Bright Networks and Dark Spaces: Implications of Manuel Castells for Higher Education
Academe, May/Jun 2004 by Marginson, Simon
Bright Networks and Dark Spaces: Implications of Manuel Castells for Higher Education
Emergent technology possesses the potential to transform the nature of higher education. The importance of networking is related to its influence on education's democratic potential.
The Information Age: Economy, Society, and Culture Manuel Castells Oxford, Blackwell Publishers, 3 volumes, The Rise of the Network Society (volume 1, 2nd ed., 2000) The Power of Identity (volume 2, 1997) End of Millennium (volume 3, 2nd ed., 2000)
The Internet Galaxy: Reflections on the Internet, Business, and Society Manuel Castells Oxford, Oxford University Press, 2001
In The Information Age: Economy, Society, and Culture, sociologist Manuel Castells argues that information and communication technologies are associated with a new kind of economy, society, and culture that he calls "informationalism." In this new economic order, knowledge generation, information processing, and symbolic communication-"the action of knowledge on knowledge"-are the main sources of productivity and profit. The commanding heights of the new economy (though not the whole of it) have become global: information and communication technologies make possible for the first time in human history an economy that operates in real time on a planetary scale through computer-based financial transactions. This is a staggering change.
Socially, networking permits cost-effective expansion, goaldriven flexibility, and the return of the small- and mediumsized unit amid controllable decentralization. The network form of organization divides human society between the people, social groups, and nations located inside the networks and those that are "switched off," or left in the dark spaces between the dazzling linkages of the networks. The informational brand of capitalism-more so than the industrial capitalism that preceded it-is polarized unequally between those with economic power and those without it, between capital and labor, and between developed and developing nations.

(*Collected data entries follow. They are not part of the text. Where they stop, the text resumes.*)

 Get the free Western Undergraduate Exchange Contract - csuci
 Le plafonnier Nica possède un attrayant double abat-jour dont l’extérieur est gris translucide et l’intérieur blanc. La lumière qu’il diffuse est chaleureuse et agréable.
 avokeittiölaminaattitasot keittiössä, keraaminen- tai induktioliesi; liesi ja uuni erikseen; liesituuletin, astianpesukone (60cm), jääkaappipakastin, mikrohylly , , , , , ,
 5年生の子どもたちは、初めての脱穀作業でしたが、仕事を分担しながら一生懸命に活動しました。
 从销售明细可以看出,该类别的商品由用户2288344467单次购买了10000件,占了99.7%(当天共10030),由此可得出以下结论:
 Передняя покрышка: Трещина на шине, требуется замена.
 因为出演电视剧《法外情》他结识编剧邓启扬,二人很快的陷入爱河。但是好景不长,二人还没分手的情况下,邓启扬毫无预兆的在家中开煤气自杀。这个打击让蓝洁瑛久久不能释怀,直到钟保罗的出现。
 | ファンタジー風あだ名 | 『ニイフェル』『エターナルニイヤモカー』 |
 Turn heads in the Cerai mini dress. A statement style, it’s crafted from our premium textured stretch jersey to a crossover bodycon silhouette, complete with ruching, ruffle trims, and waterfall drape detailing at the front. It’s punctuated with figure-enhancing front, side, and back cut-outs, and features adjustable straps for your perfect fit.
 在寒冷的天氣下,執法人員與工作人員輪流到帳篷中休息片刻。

Culturally, according to Castells, the dominant ethos is "real virtuality," in which reality itself, or people's material and symbolic existence, is immersed in a world of make believe in which symbols and images make up the actual experience. Cultural expressions, no longer the exclusive totem of those who create them, are relentlessly torn from their context and perpetually recombined and rearranged within a universal hypertext determined by "the interests of senders and the moods of receivers."

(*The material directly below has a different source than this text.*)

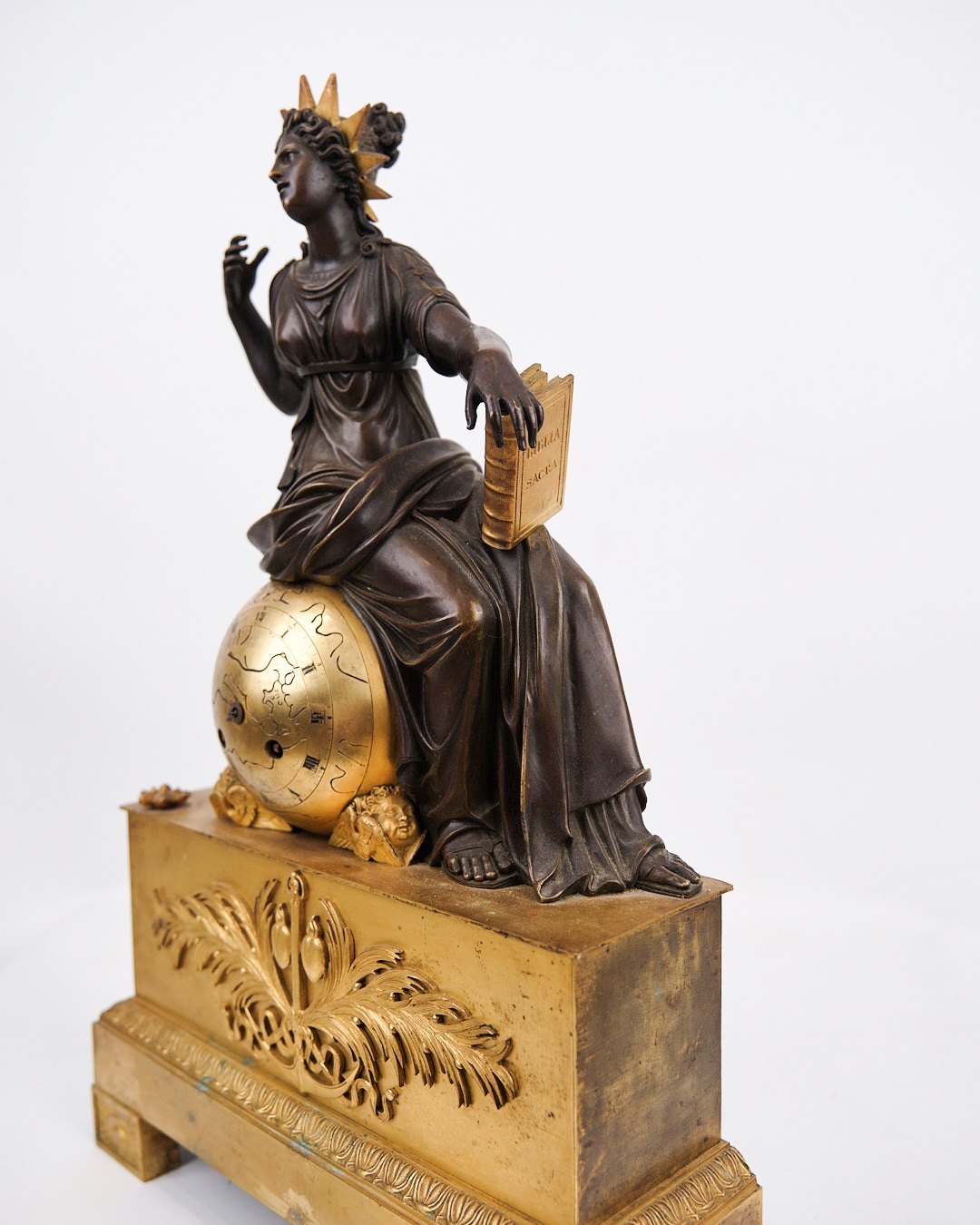 French Mantel Clock - Bronze - Decorated With Female Figure with Radiant Crown and Book - Paris - Year 1820s

These trends make up a world in which, for the dominant groups, the coordinates of space and time are transformed. The "network society" is vectored by the "space of flows," a world structured by motion (of things, money, people, relationships) in which place does not disappear but becomes just one part of the geography. (Castells's argument here veers close to that of Arjun Appadurai, the cultural theorist of globalization, in his 1996 book, Modernity at Large.) In addition, "timeless time" displaces clock time, as everything converges toward simultaneity with no past or future. The long-term perspective, that of historian Fernand Braudel's la longue duree, must now be restored, Castells argues.

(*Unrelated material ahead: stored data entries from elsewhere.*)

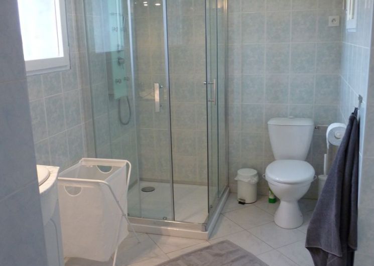 – Badezimmer mit Dusche und WC.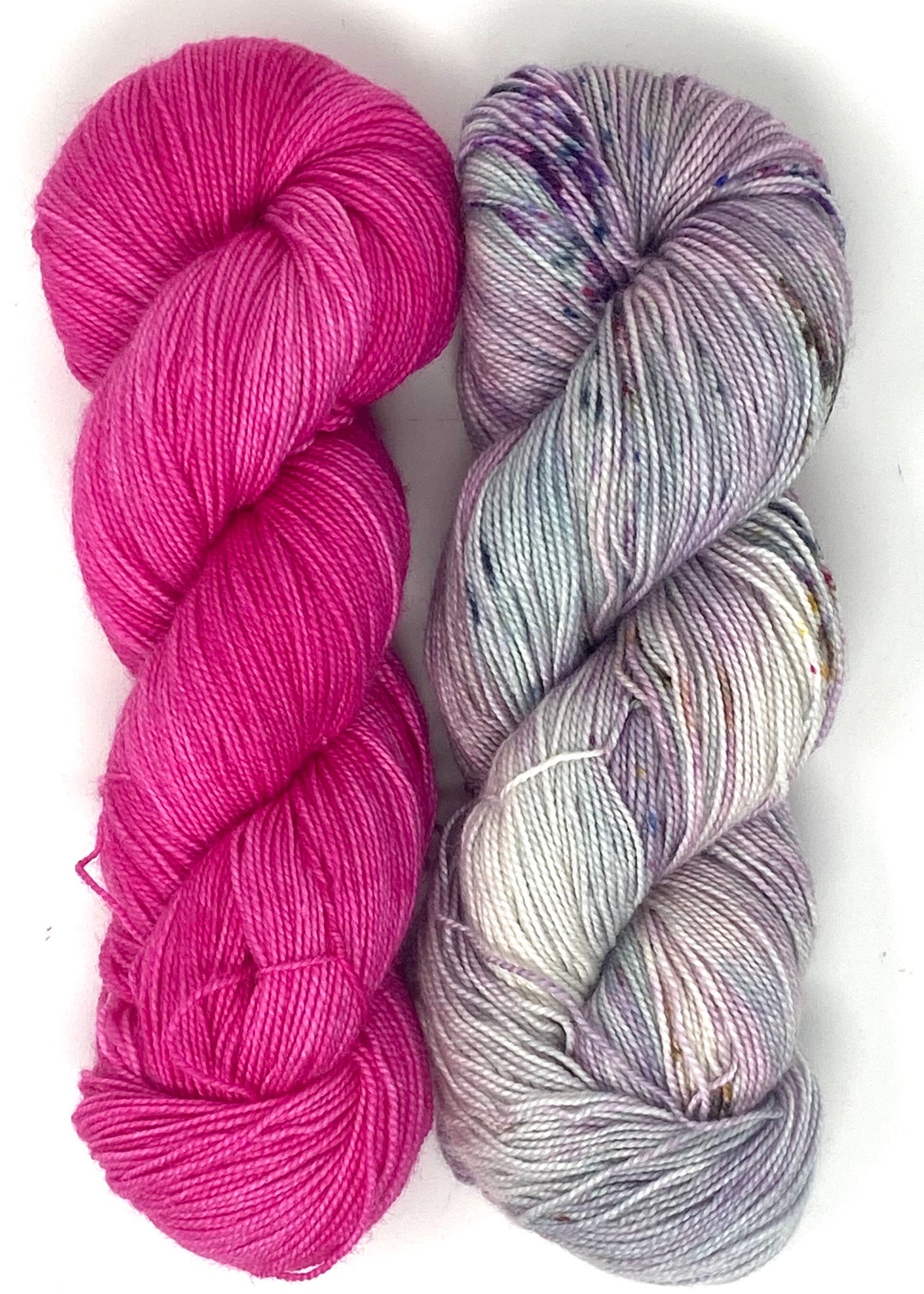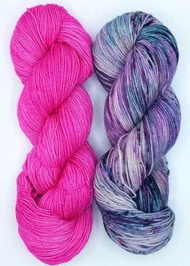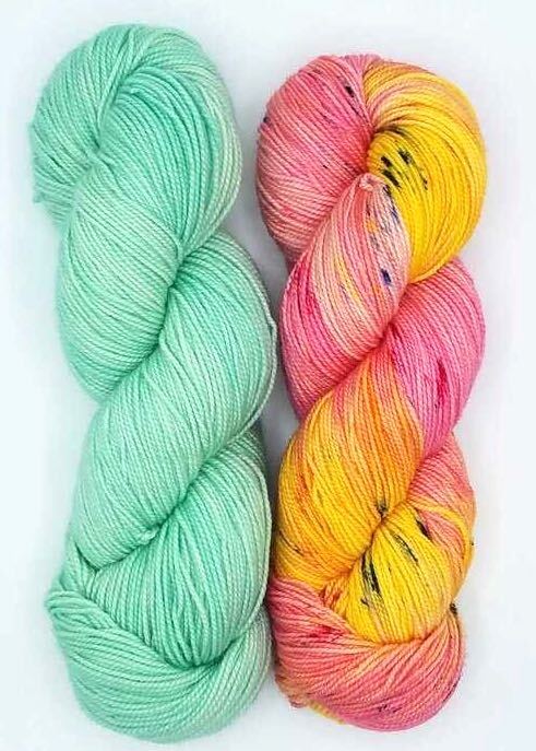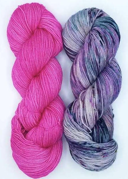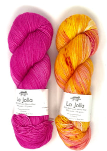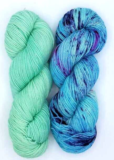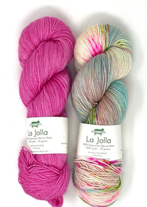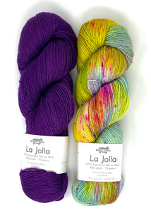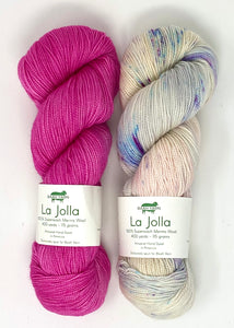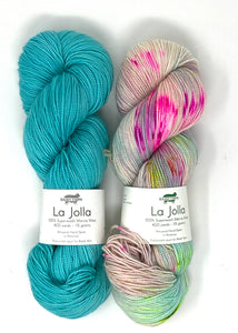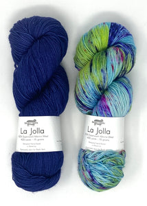Hug Shot Kits include La Jolla yarn 100% superwash merino wool that is beautifully hand dyed from Baah. Each Hug Shot kit comes with solid and variegated/speckled La Jolla yarn colors. Each skein of Baah Yarn La Jolla is 400 yards, fingering weight, and 2 ply. Savannah yarn can also be used, 80% superwash merino, 10% cashmere, 10% nylon, fingering weight. Savannah yarn base will give your shawl a little more drape.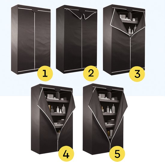 Ob in der Garage, im Schuppen, im Lager oder im Büro, diese Stoffgarderobe passt sich jedem Ort an. Auch als günstige Garderobe im Gästezimmer oder in der Studentenwohnung funktioniert er perfekt. Die neutrale schwarze Farbe sieht stilvoll aus und passt zu jeder Einrichtung.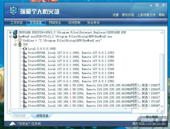 打开瑞星防火墙发现是c:\program files\rising\rfw\ravmond.exe一直在访问网络

"Maybe there is another option,"writes Castells ironically, in the last paragraph of The Internet Galaxy: Reflections on the Internet, Business, and Society, an extended and more conversational coda on The Information Age, that focuses on the origins, economics, politics, and culture of the Internet. "One might say, 'Why don't you leave me alone? I want no part of your Internet, of your technological civilization, of your network society. I just want to live my life.'" Confronted by five hundred e-mail messages when one returns from a short Christmas vacation, one can only agree! But, of course, there is no choice. "If this is your position," Castells writes, "I have bad news for you. If you do not care about the networks, the networks will care about you, anyway. For as long as you want to live in this society, at this time and in this place, you will have to deal with the network society." That is, you will have to unless you are switched off in the dark spaces between the networks, still stuck in clock time. Some people might choose to hide from the information age, but many others left in the dark spaces have no choice. They are excluded by the harsh logic of the information economy, in which they create no economic value.
Castells does not argue that everything is driven by information and communication technologies. If he did, the books would be shorter. "Technology does not determine society. Nor does society script the course of technological change," he asserts. The revolution in information and communication technologies can be understood only in the context of other forces that have helped to shape its effects: the restructuring of Western capitalism; the terminal crisis of Soviet statism and the spread of capitalism to every corner of the planet; the new geostrategic international order; the emergence-partly in response or reaction to globalism and informationalism-of new forms of individuality and culturally defined collective social movements; and the crisis of democratic politics. At the same time, Castells argues, the autonomous dynamics of information and communication technologies must be accounted for as part of the matrix of forces.